**SUPPLIED MATERIAL:**
%%

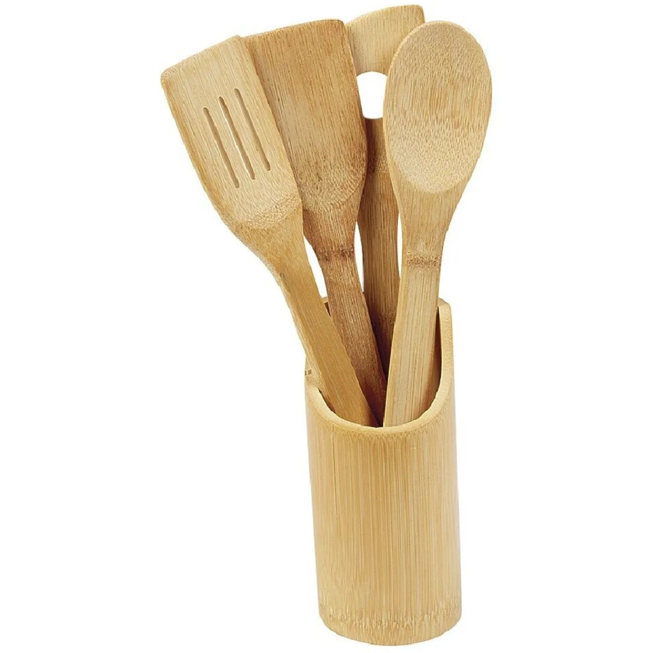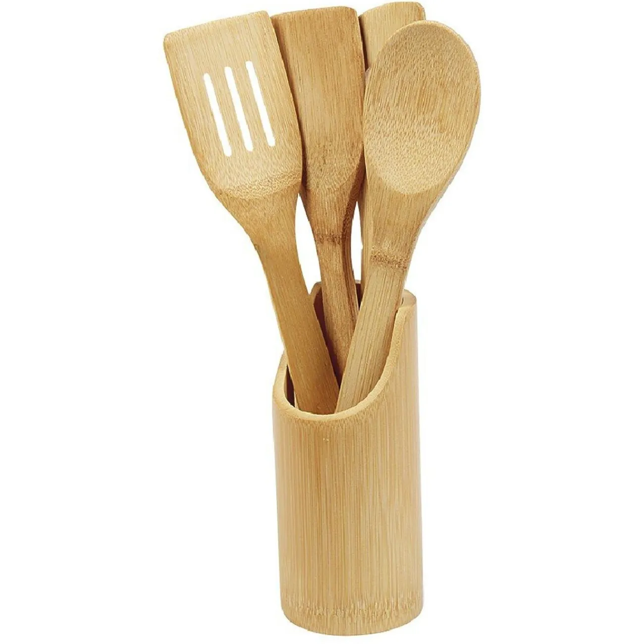 Set de 4 ustensiles de cuisine et pot assorti entièrement conçu en bambou naturel.
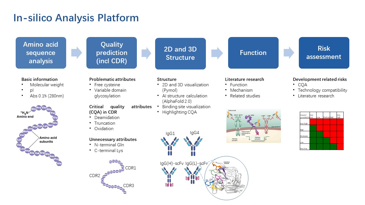 In-silico分析可基于序列、多種數(shù)據(jù)庫、結(jié)構(gòu)預(yù)測(cè)模型和平臺(tái)經(jīng)驗(yàn),為CMC研究提供詳實(shí)的理化參數(shù)(如pI、消光系數(shù)、分子量、二硫鍵、疏水性、糖基化位點(diǎn)、N-/O-糖型等)和潛在產(chǎn)品相關(guān)雜質(zhì)(如氧化、脫酰胺、聚集、斷裂、高級(jí)結(jié)構(gòu)異質(zhì)等)。
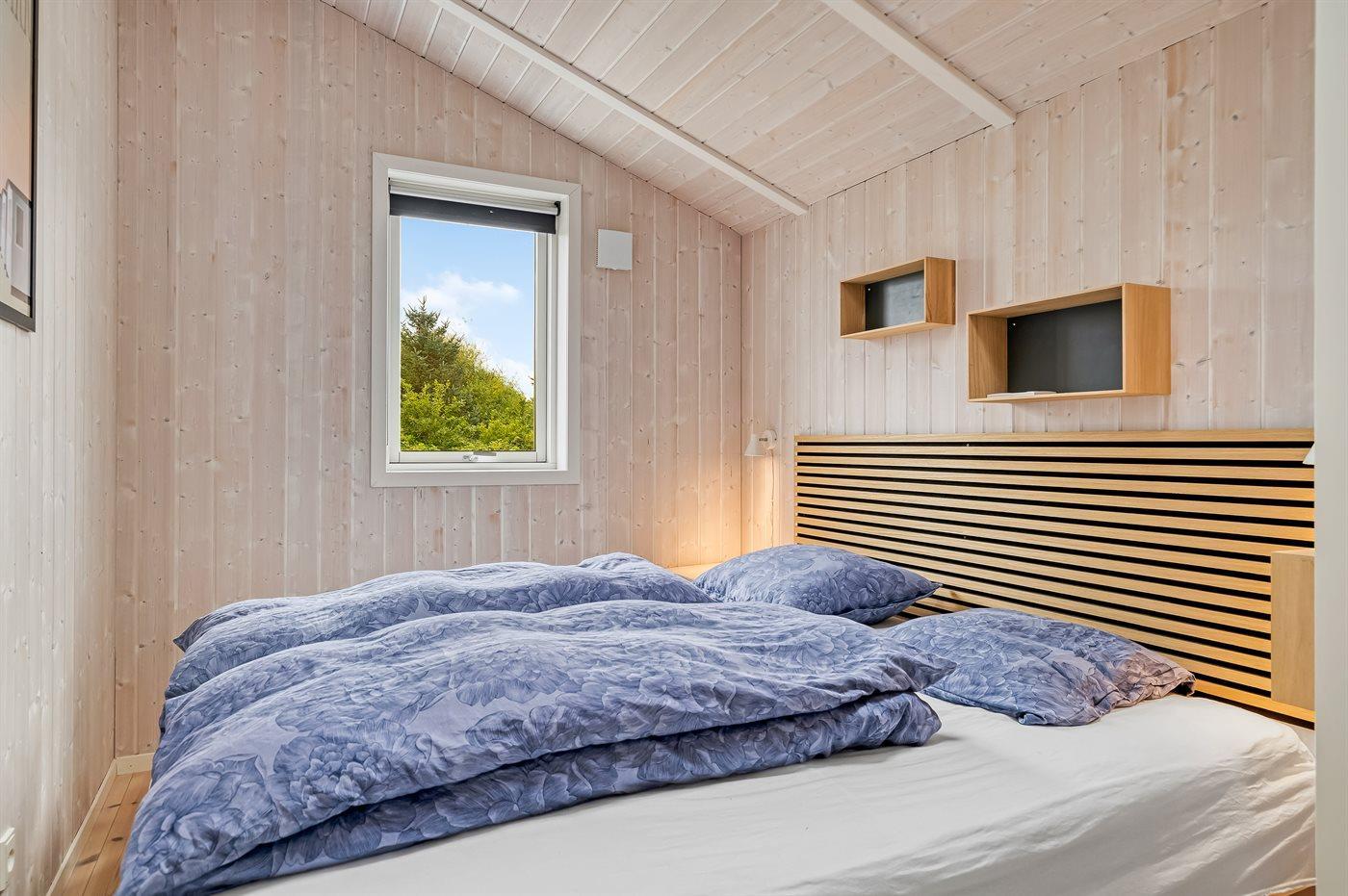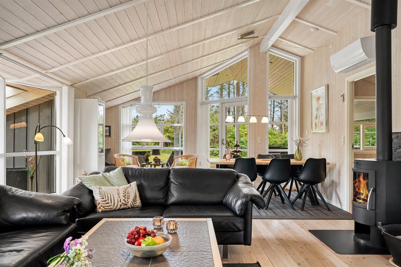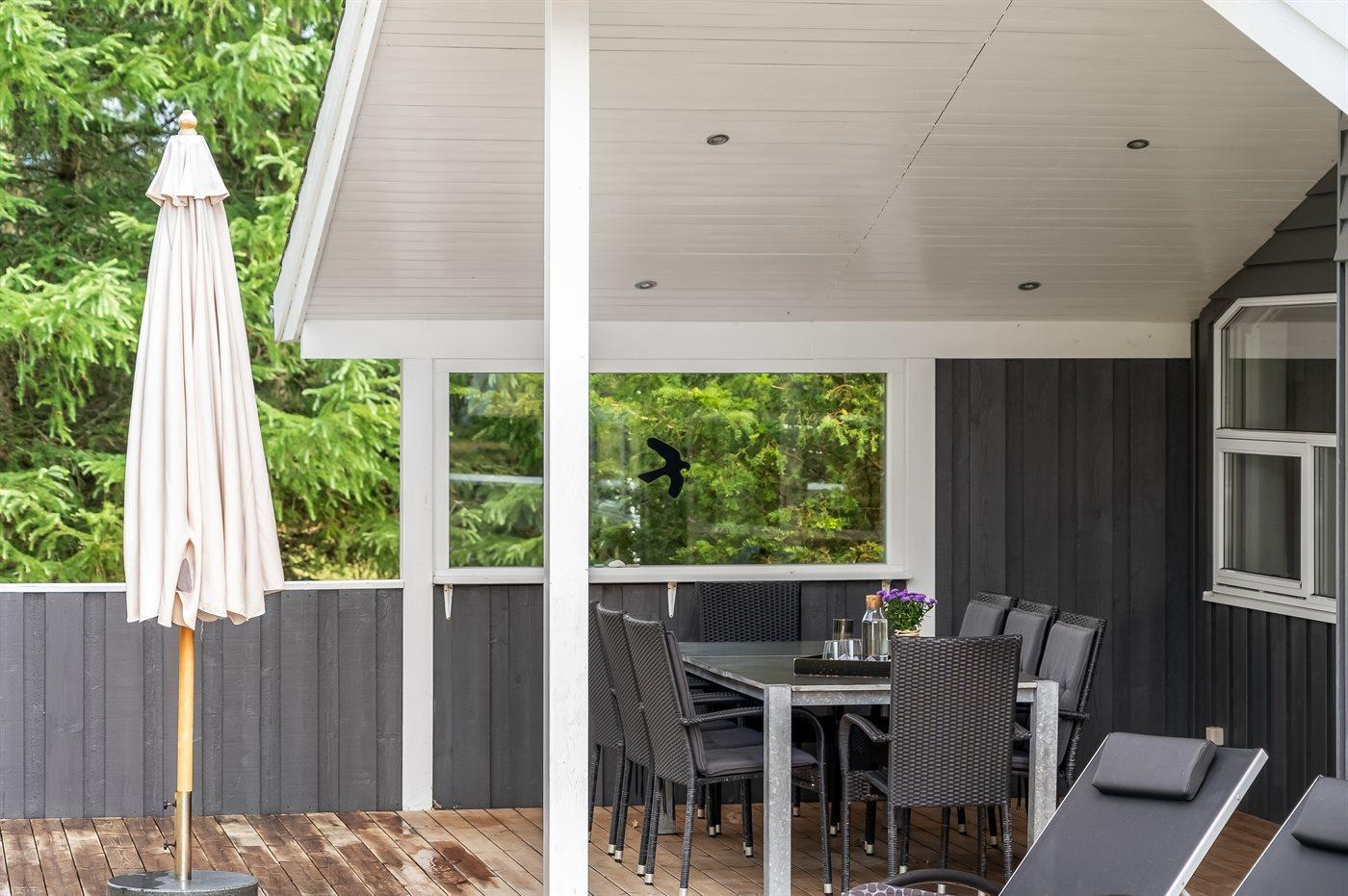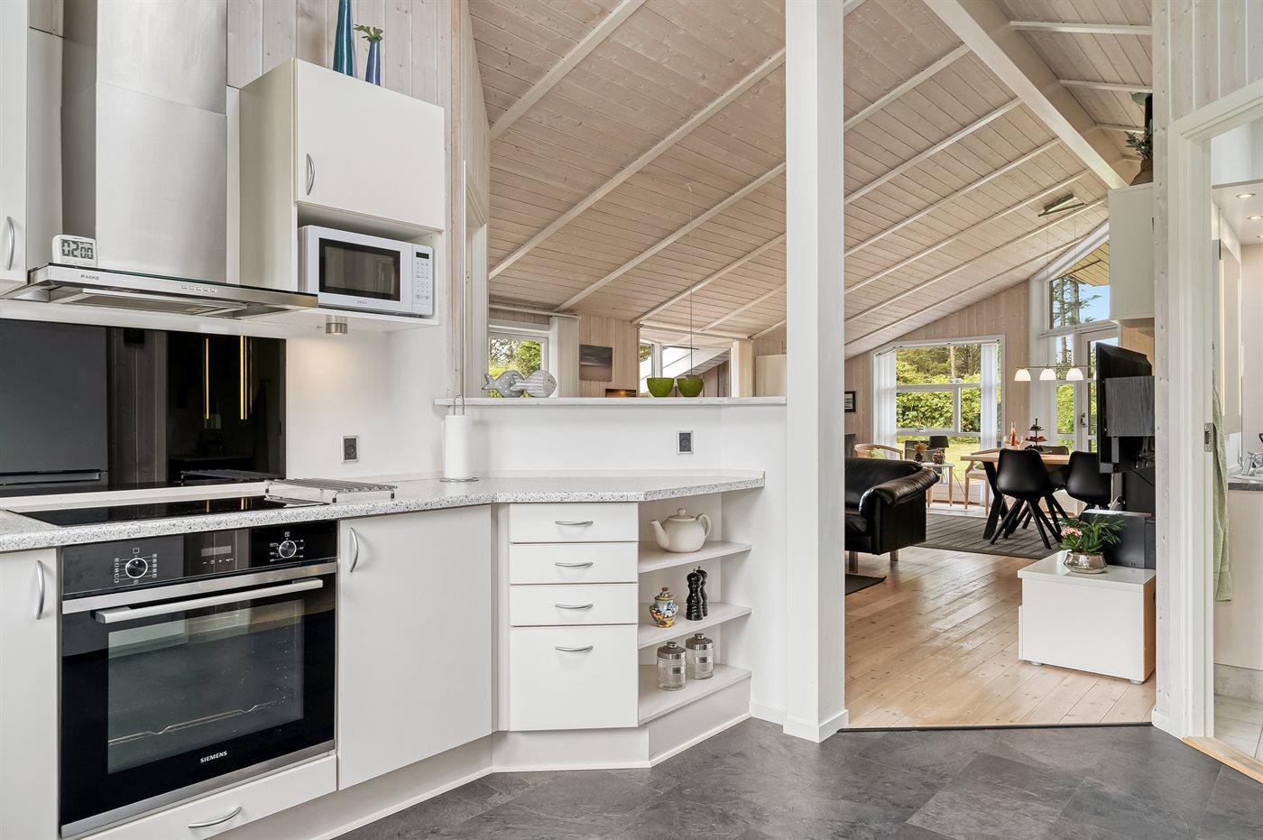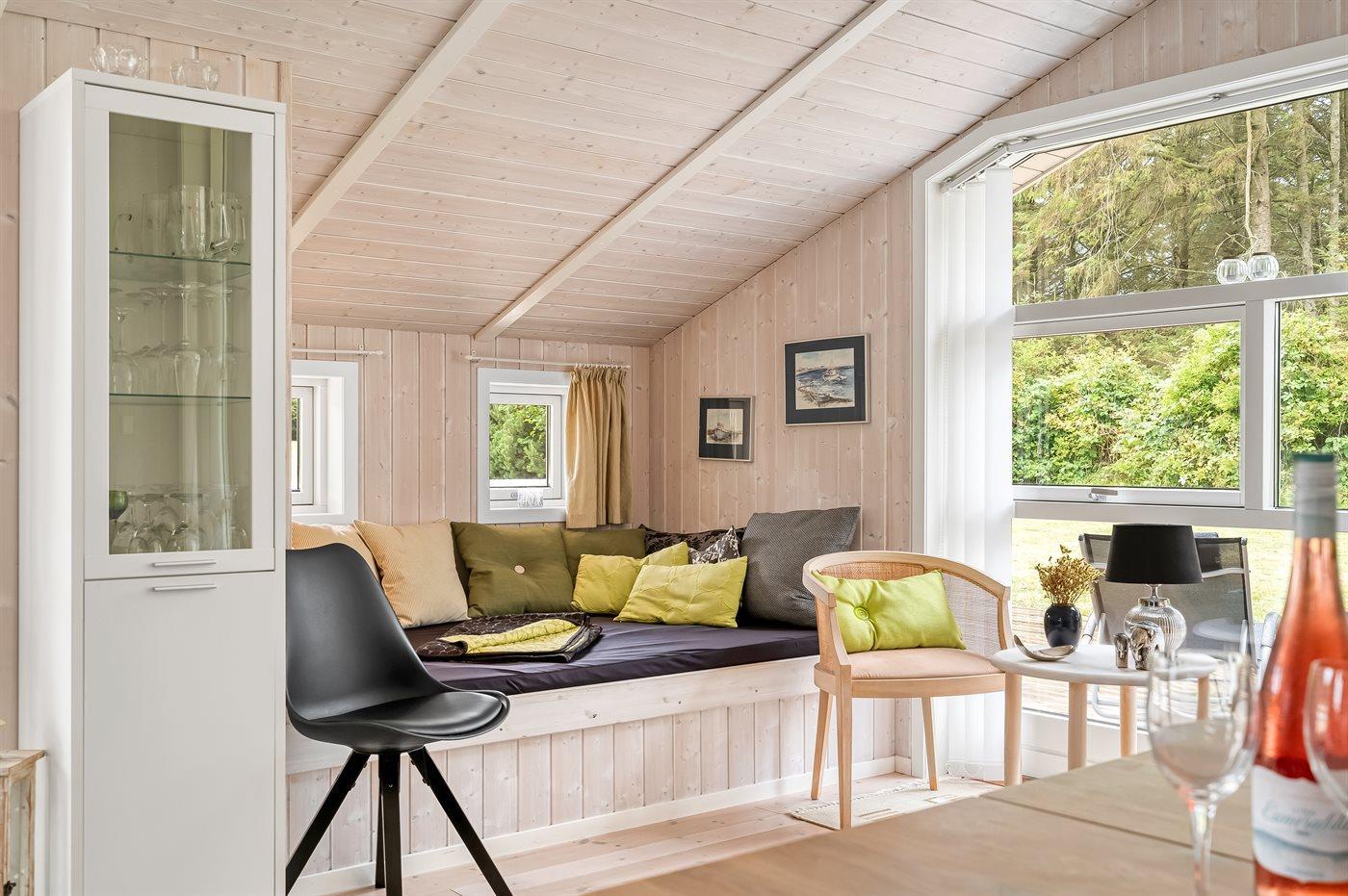 Sehr hübsches und gut eingerichtetes Luxusferienhaus aus Holz, 2007 mit u. a. Whirlpool und Sauna gebaut. Das Haus liegt auf einem großen Naturgrundstück - nur 700 m vom breiten Sandstrand bei Grønhøj entfernt. Zum Haus gehören gutes sowohl offenes als auch überdachtes Terrassenareal mit Gartenmöbeln. Innen gibt es überall helle Holzwände und -decken sowie Holzböden, jedoch beheizten Klinkerboden im Badezimmer und in der Gästetoilette. Das Badezimmer ist mit Duschnische, Fußbodenheizung, 2-Pers.-Whirlpool und Sauna sowie Waschmaschine eingerichtet. Hübsche, moderne Küche mit Geschirrspüler, Mikrowelle, Warmluftofen, Herd mit Ceran-Feld und Tiefkühlgerät. Schönes Wohnzimmer mit Kaminofen, TV mit digitalem Satellitenanschluss, DVD-Spieler und CD-Spieler sowie Zutritt zur Terrasse. Die Schlafplätze des Hauses verteilen sich auf 3 Schlafzimmer: 2 mit Doppelbett und 1 mit 2 Einzelbetten. Ferner Alkoven mit 2 Schlafplätzen im Wohnzimmer. Kinderbett, Kinderhochstuhl, Sandkiste und Schaukel für die Kinder. Carport auf dem Grundstück. Wärmepumpe zur Verfügung. Ein sehr schönes und gut eingerichtetes Ferienhaus, das sowohl für 1 als auch 2 Familien geeignet ist.

%%

**THE TASK:** The answer must be the full listing, exact in every line, with the pictures removed.

**EXPECTED OUTPUT:**
 Set de 4 ustensiles de cuisine et pot assorti entièrement conçu en bambou naturel.
 In-silico分析可基于序列、多種數(shù)據(jù)庫、結(jié)構(gòu)預(yù)測(cè)模型和平臺(tái)經(jīng)驗(yàn),為CMC研究提供詳實(shí)的理化參數(shù)(如pI、消光系數(shù)、分子量、二硫鍵、疏水性、糖基化位點(diǎn)、N-/O-糖型等)和潛在產(chǎn)品相關(guān)雜質(zhì)(如氧化、脫酰胺、聚集、斷裂、高級(jí)結(jié)構(gòu)異質(zhì)等)。
 Sehr hübsches und gut eingerichtetes Luxusferienhaus aus Holz, 2007 mit u. a. Whirlpool und Sauna gebaut. Das Haus liegt auf einem großen Naturgrundstück - nur 700 m vom breiten Sandstrand bei Grønhøj entfernt. Zum Haus gehören gutes sowohl offenes als auch überdachtes Terrassenareal mit Gartenmöbeln. Innen gibt es überall helle Holzwände und -decken sowie Holzböden, jedoch beheizten Klinkerboden im Badezimmer und in der Gästetoilette. Das Badezimmer ist mit Duschnische, Fußbodenheizung, 2-Pers.-Whirlpool und Sauna sowie Waschmaschine eingerichtet. Hübsche, moderne Küche mit Geschirrspüler, Mikrowelle, Warmluftofen, Herd mit Ceran-Feld und Tiefkühlgerät. Schönes Wohnzimmer mit Kaminofen, TV mit digitalem Satellitenanschluss, DVD-Spieler und CD-Spieler sowie Zutritt zur Terrasse. Die Schlafplätze des Hauses verteilen sich auf 3 Schlafzimmer: 2 mit Doppelbett und 1 mit 2 Einzelbetten. Ferner Alkoven mit 2 Schlafplätzen im Wohnzimmer. Kinderbett, Kinderhochstuhl, Sandkiste und Schaukel für die Kinder. Carport auf dem Grundstück. Wärmepumpe zur Verfügung. Ein sehr schönes und gut eingerichtetes Ferienhaus, das sowohl für 1 als auch 2 Familien geeignet ist.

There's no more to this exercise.